Thirdly, putting the dried PP fiber membrane sample into Zn (NO) with the molar ratio of 1: 560₃)₂·6H₂In an O/methanol solution, for 3 hours, this is called solution C.

Fourthly, uniformly mixing the dimethyl imidazole/methanol solution with the molar ratio of 6: 560, slowly pouring the mixture into the solution C, and keeping the mixture for 12 hours.

And fifthly, taking the reacted ZIF-8 membrane out of the solution, washing the membrane for 3 times by using distilled water, drying the membrane in a conventional oven at 80 ℃ for 12 hours, and then carrying out filtration test and stability test.
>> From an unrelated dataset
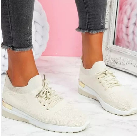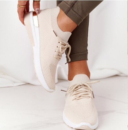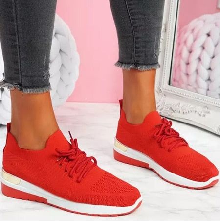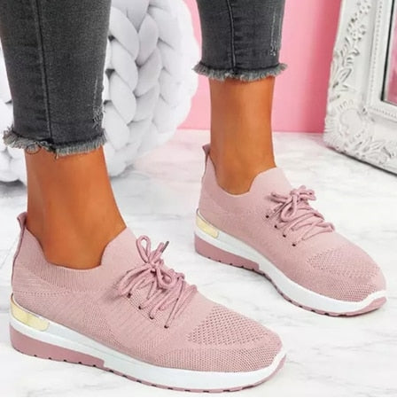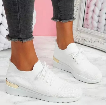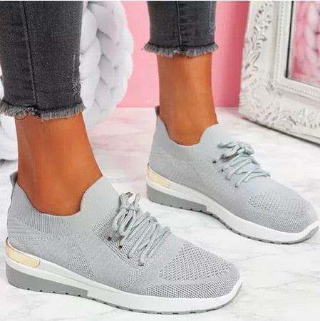 New Women Sneakers Ladies Solid Color Vulcanized Shoes Lace-Up Round Toe Wedge Ladies Shoes Outdoor Casual Comfy Female Footwear

While embodiments of the invention have been described above, it is not limited to the applications set forth in the description and the embodiments, which are fully applicable in various fields of endeavor to which the invention pertains, and further modifications may readily be made by those skilled in the art, it being understood that the invention is not limited to the details shown and described herein without departing from the general concept defined by the appended claims and their equivalents.